> [Assignment]: Without any of its pictures, the listing below should be output exactly.

> [Collected material]:
:::::
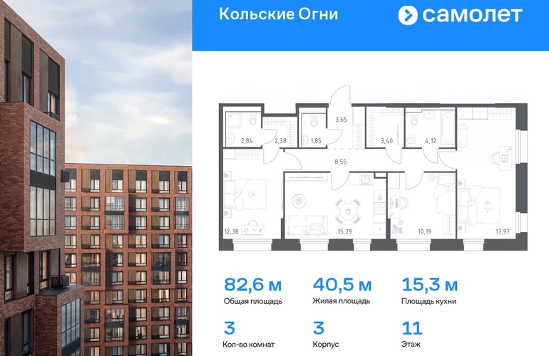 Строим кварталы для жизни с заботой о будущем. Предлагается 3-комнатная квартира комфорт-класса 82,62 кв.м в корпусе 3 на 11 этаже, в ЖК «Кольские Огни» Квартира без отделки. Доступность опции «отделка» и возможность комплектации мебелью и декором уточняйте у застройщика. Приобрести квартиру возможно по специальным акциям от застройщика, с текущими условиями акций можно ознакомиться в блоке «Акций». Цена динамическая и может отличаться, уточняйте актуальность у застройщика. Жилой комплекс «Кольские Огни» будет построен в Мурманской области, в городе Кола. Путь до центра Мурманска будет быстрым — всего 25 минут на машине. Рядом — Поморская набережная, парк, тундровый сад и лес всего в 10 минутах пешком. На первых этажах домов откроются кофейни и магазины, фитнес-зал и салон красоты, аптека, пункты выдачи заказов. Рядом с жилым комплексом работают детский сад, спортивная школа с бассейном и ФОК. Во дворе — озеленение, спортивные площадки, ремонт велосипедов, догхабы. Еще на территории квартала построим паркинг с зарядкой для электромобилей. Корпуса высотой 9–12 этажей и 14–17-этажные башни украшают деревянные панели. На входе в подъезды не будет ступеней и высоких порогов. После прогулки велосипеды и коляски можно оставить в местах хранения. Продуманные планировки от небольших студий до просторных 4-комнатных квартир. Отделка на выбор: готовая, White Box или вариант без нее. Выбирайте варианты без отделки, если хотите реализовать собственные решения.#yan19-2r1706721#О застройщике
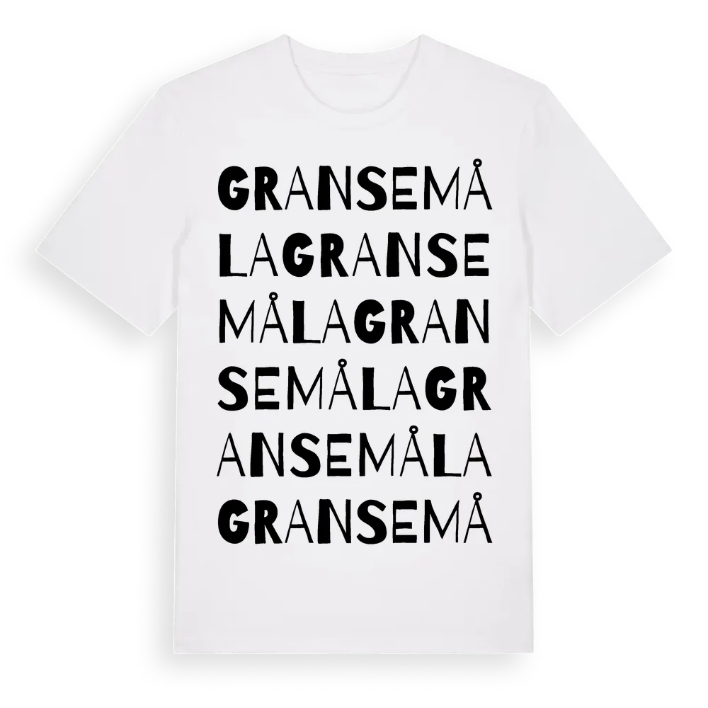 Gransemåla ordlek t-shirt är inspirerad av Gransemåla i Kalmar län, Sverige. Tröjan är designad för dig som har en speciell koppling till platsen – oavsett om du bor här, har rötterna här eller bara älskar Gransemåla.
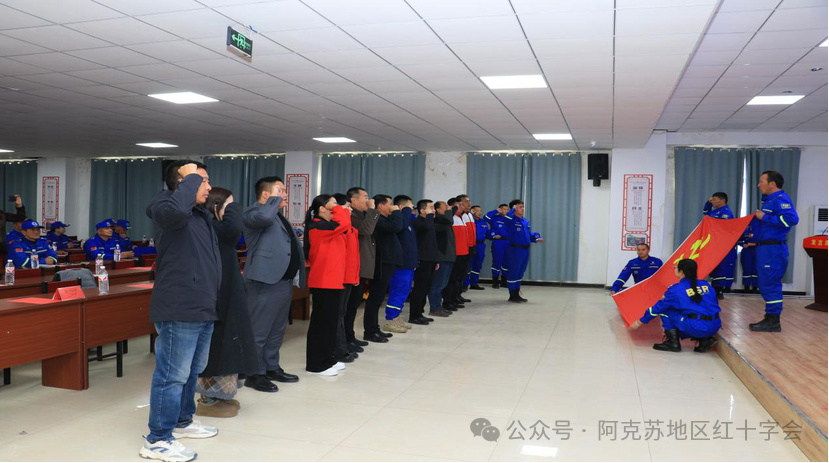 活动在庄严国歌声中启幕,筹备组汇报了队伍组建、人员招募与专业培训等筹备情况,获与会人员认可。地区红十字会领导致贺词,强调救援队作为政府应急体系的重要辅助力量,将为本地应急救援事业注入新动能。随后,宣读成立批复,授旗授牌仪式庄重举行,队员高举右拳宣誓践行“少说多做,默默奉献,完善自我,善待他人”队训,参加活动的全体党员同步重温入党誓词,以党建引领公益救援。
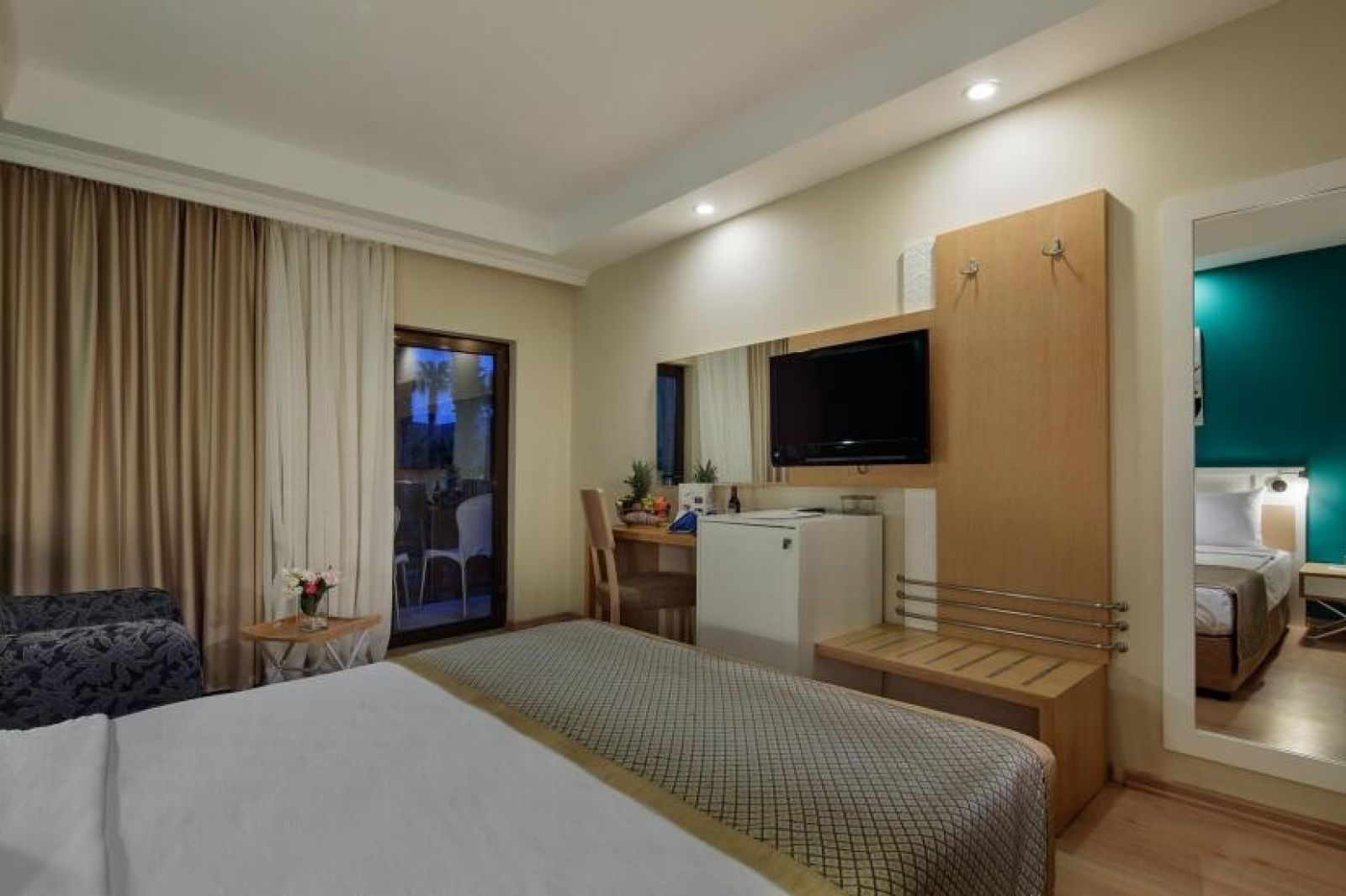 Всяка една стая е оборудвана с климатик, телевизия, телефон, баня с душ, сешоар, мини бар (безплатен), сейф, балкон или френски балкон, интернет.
:::::
> [Exercise response]:
 Строим кварталы для жизни с заботой о будущем. Предлагается 3-комнатная квартира комфорт-класса 82,62 кв.м в корпусе 3 на 11 этаже, в ЖК «Кольские Огни» Квартира без отделки. Доступность опции «отделка» и возможность комплектации мебелью и декором уточняйте у застройщика. Приобрести квартиру возможно по специальным акциям от застройщика, с текущими условиями акций можно ознакомиться в блоке «Акций». Цена динамическая и может отличаться, уточняйте актуальность у застройщика. Жилой комплекс «Кольские Огни» будет построен в Мурманской области, в городе Кола. Путь до центра Мурманска будет быстрым — всего 25 минут на машине. Рядом — Поморская набережная, парк, тундровый сад и лес всего в 10 минутах пешком. На первых этажах домов откроются кофейни и магазины, фитнес-зал и салон красоты, аптека, пункты выдачи заказов. Рядом с жилым комплексом работают детский сад, спортивная школа с бассейном и ФОК. Во дворе — озеленение, спортивные площадки, ремонт велосипедов, догхабы. Еще на территории квартала построим паркинг с зарядкой для электромобилей. Корпуса высотой 9–12 этажей и 14–17-этажные башни украшают деревянные панели. На входе в подъезды не будет ступеней и высоких порогов. После прогулки велосипеды и коляски можно оставить в местах хранения. Продуманные планировки от небольших студий до просторных 4-комнатных квартир. Отделка на выбор: готовая, White Box или вариант без нее. Выбирайте варианты без отделки, если хотите реализовать собственные решения.#yan19-2r1706721#О застройщике
 Gransemåla ordlek t-shirt är inspirerad av Gransemåla i Kalmar län, Sverige. Tröjan är designad för dig som har en speciell koppling till platsen – oavsett om du bor här, har rötterna här eller bara älskar Gransemåla.
 活动在庄严国歌声中启幕,筹备组汇报了队伍组建、人员招募与专业培训等筹备情况,获与会人员认可。地区红十字会领导致贺词,强调救援队作为政府应急体系的重要辅助力量,将为本地应急救援事业注入新动能。随后,宣读成立批复,授旗授牌仪式庄重举行,队员高举右拳宣誓践行“少说多做,默默奉献,完善自我,善待他人”队训,参加活动的全体党员同步重温入党誓词,以党建引领公益救援。
 Всяка една стая е оборудвана с климатик, телевизия, телефон, баня с душ, сешоар, мини бар (безплатен), сейф, балкон или френски балкон, интернет.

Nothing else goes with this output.